Simeria Dewalt is a mother of four children. Dewalt's two oldest children were struggling academically when they moved into the shelter.Jose A. Alvarado Jr. of NPR hide title
Jose A. Alvarado Jr. of NPR
Duffield says about 68% of students who have experienced homelessness will graduate from high school. Others, home to children living in poverty, graduate from high school about 80% of the time.
"We also know that lack of a high school education or GED is the greatest risk factor associated with becoming homeless in adulthood," says Duffield. "Homelessness disrupts education, but education is key to getting out of homelessness."
Bey completed her GED in 2019 and is currently getting her license as a cosmetologist. The 27-year-old hopes to work in a hair salon while earning her associate's degree.
Sledge says he's a proponent of vocational and HVAC training programs that can teach homeless students the skills they need to work in trades or welding. It allows students to learn how to do a job that can help them earn money.
Body of work, a program that provides free education and professional development to young people aged 16 to 24, is one of Sledge's most popular programs.
"They get housing for one of them, and they can choose between a high school diploma or a career when they're in Job Corp," Sledge says. "They get an allowance — maybe about $25 a week — and at least they have shelter, room and board."
The stigma behind homelessness
Many homeless children and youth also struggle to remain undetected by the system because of the underlying stigma of homelessness.
Simeria Dewalt is the mother of four children between the ages of 16 and 24, all in public schools. She says her older children struggled academically when they first moved into the shelter. The shame of not having a home hurt me more.
"They were more afraid of what people would think and what they would hide when they were going in and out of the shelter," says Dewalt. Lives in Elizabeth, N.J.
She says her oldest son started staying at other people's houses when he was 16 to avoid the shelter. And her daughter followed soon after and started living in a group home when she was 14.

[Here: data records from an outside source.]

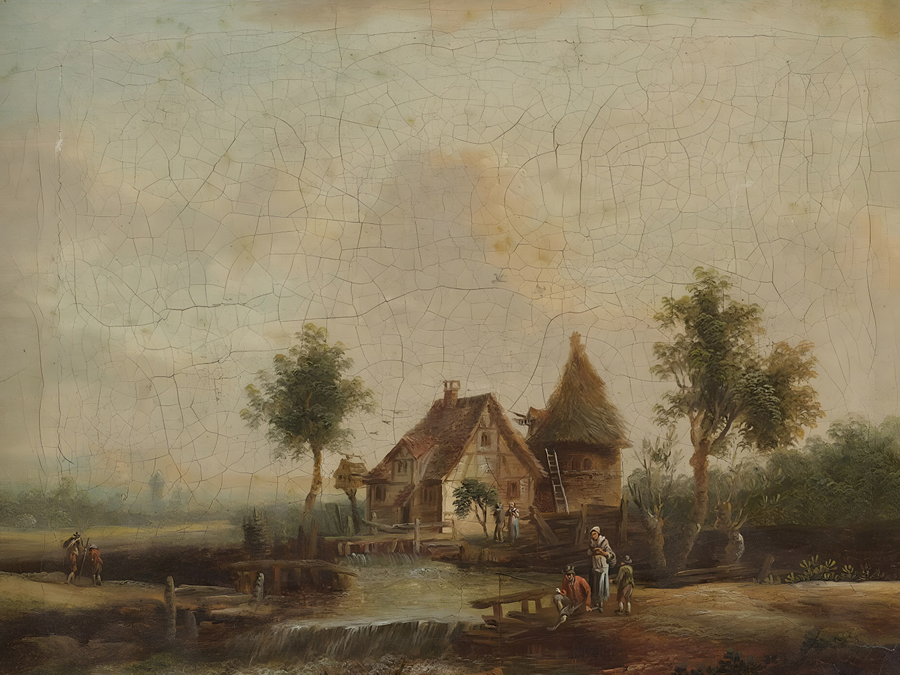 репродукция пейзажа художника Шютца Кристиана — "Пейзаж с мельницей и крестьянами, ловящими рыбу"
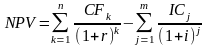 Если проект предполагает не разовую инвестицию, а последовательное инвестирование финансовых ресурсов в течение m лет, то формула для расчета NPV модифицируется следующим образом:
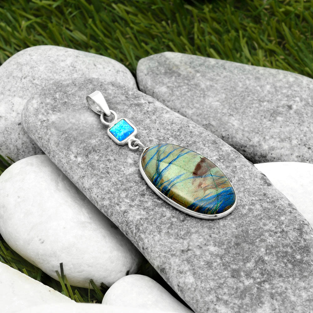 Cyber Web Chrysocolla Stone & Fire Opal Pendant P-1098 SDP115141
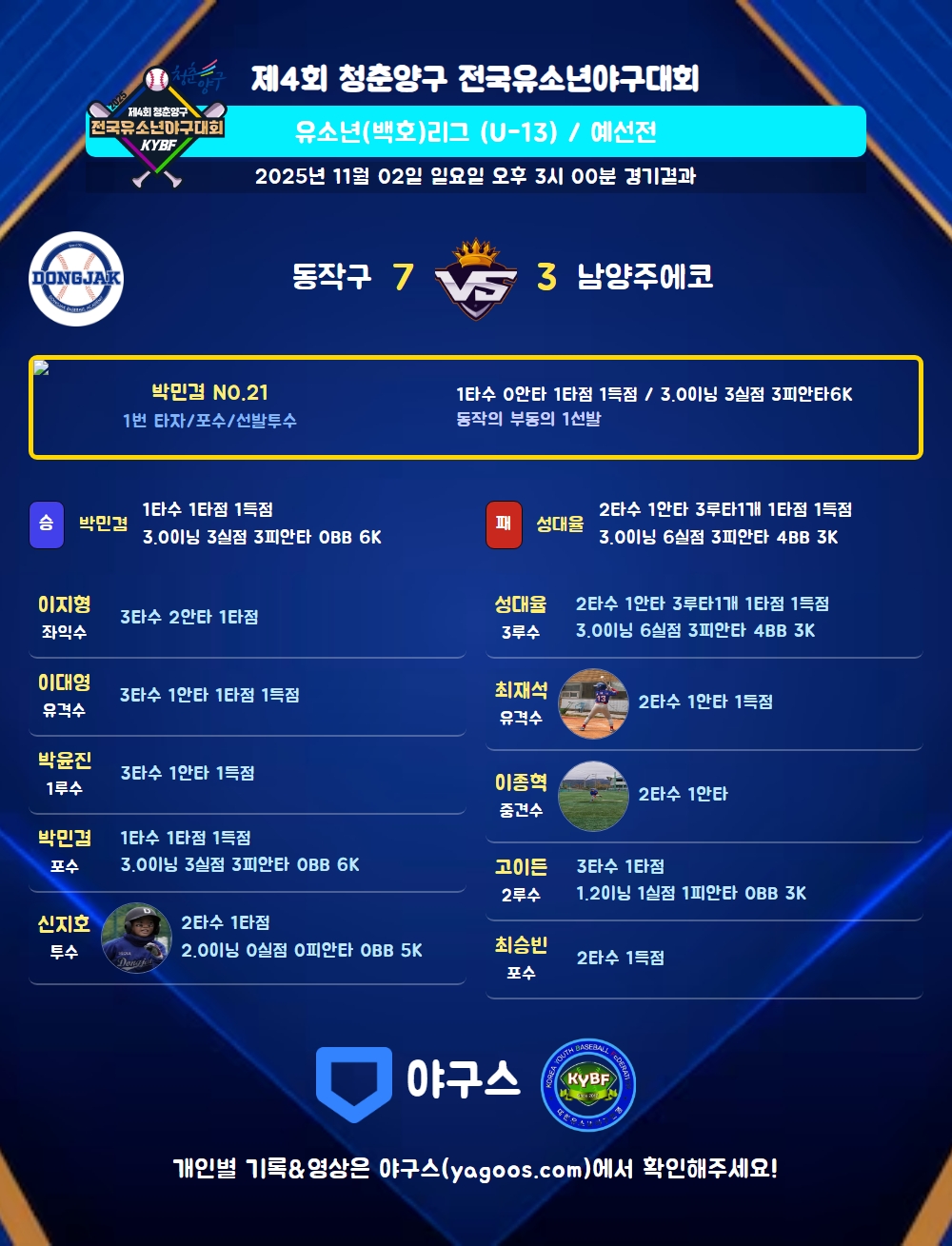 | 1 | 박민겸(21) | 승 | 3.0 | 18 | 14 | 3 | - | 4 | 6 | 61 | 3 | 1 | 3.00 |
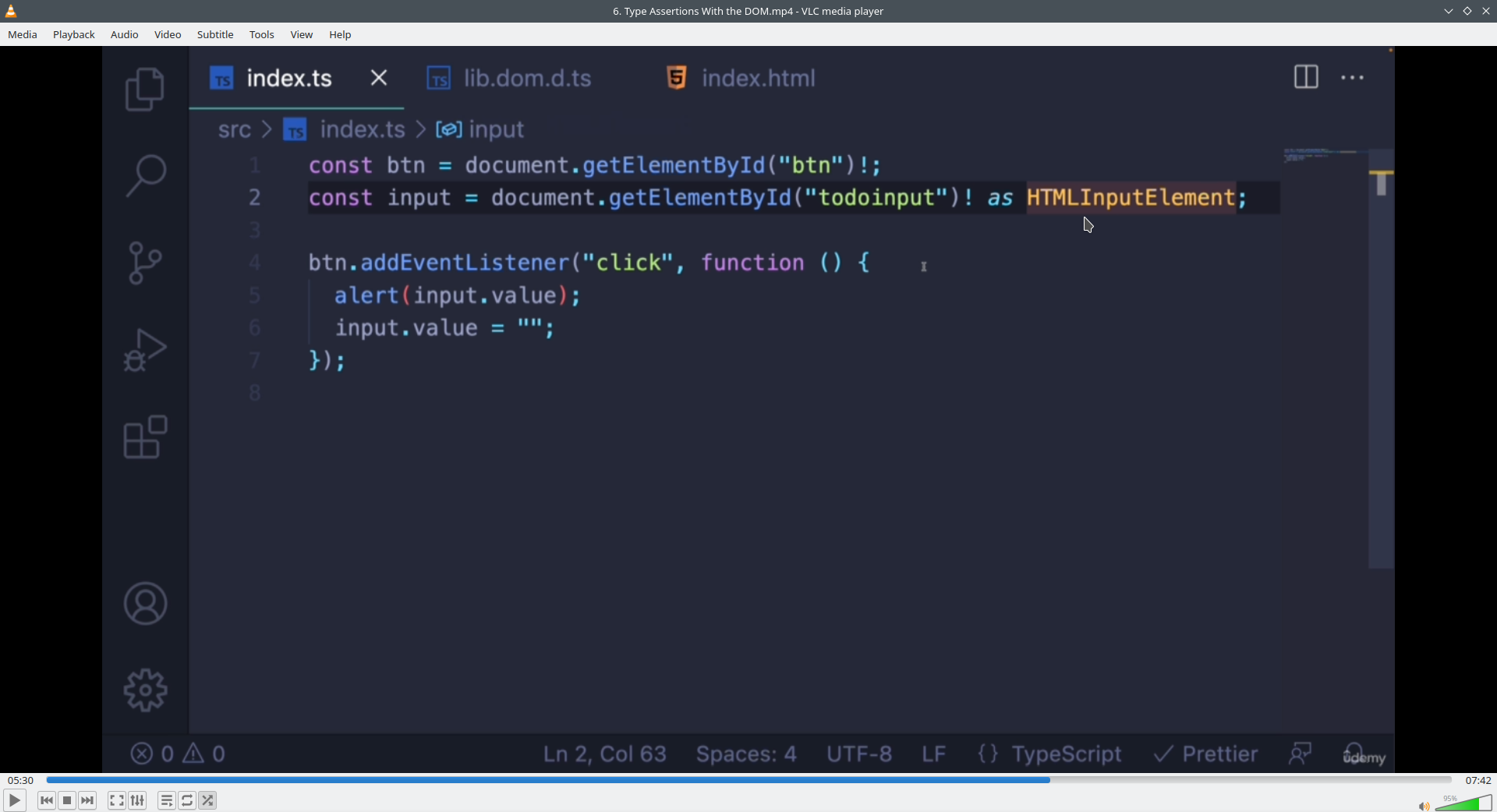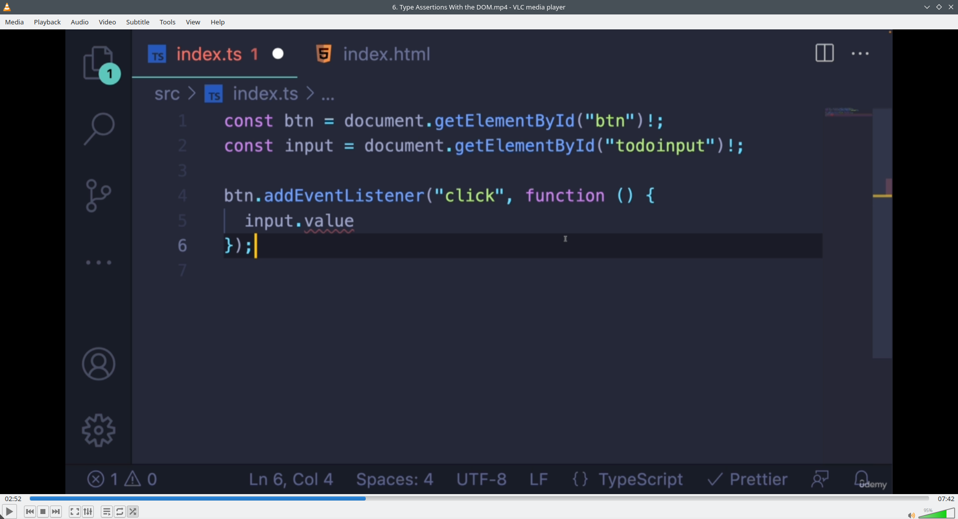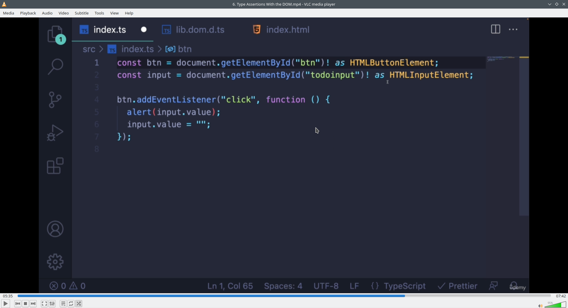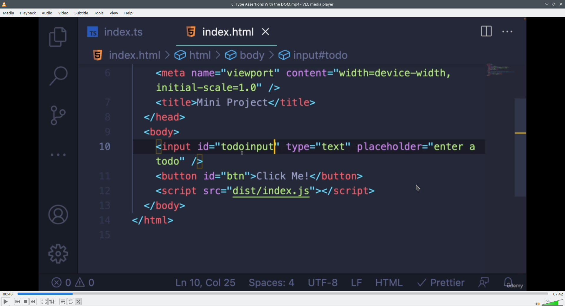 1. A Simple Project Setup.mp4 2. Working With The DOM.mp4 3. The Lib Compiler Option.mp4 4. TypeScript's Non-Null Assertion Operator.mp4 5. Type Assertions.mp4 6. Type Assertions With the DOM.mp4 7. Working With Events.mp4 8. Building The Todo List.mp4 9. Adding in an Interface.mp4 10. Connecting to LocalStorage.mp4 11. Todo List Finishing Touches.mp4

“It really means that the school district and school officials have to be sensitive and also very proactive in outreach, not just using the word homeless, for example,” Duffield says.
Schools should train teachers to spot signs of potential homelessness in students, she says. These usually include students who are frequently absent, students who wear the same clothes, students who hoard food, or change behavior such as withdrawing or acting out.
Simeria Dewalt says her oldest son started staying at other people's homes when he was 16 to avoid the shelter they were staying at. Soon after, the daughter started living in a group home at the age of 14.Jose A. Alvarado Jr. of NPR hide title
Jose A. Alvarado Jr. of NPR
Dewalt is a peer recovery specialist at Prevention Links, a nonprofit organization that provides free recovery services for people with substance abuse disorders. As a support specialist, she believes it would be beneficial for schools and shelters to have counseling sessions with homeless students to learn different ways to communicate with other students about their situation. She says that many children, like hers, do not know how to deal with the doubts that their friends may have at school.
She also says having homeless participants come and share a success story can help students understand that homelessness isn't permanent. Dewalt wants homeless students to understand that this is a situation that many people go through and that they can overcome.
"I was suicidal at one point, but I'm here today, so [I know] there can be a point where you feel like you're breaking," Dewalt says. "But if you have someone to talk to who encourages you and lifts you up, that might change."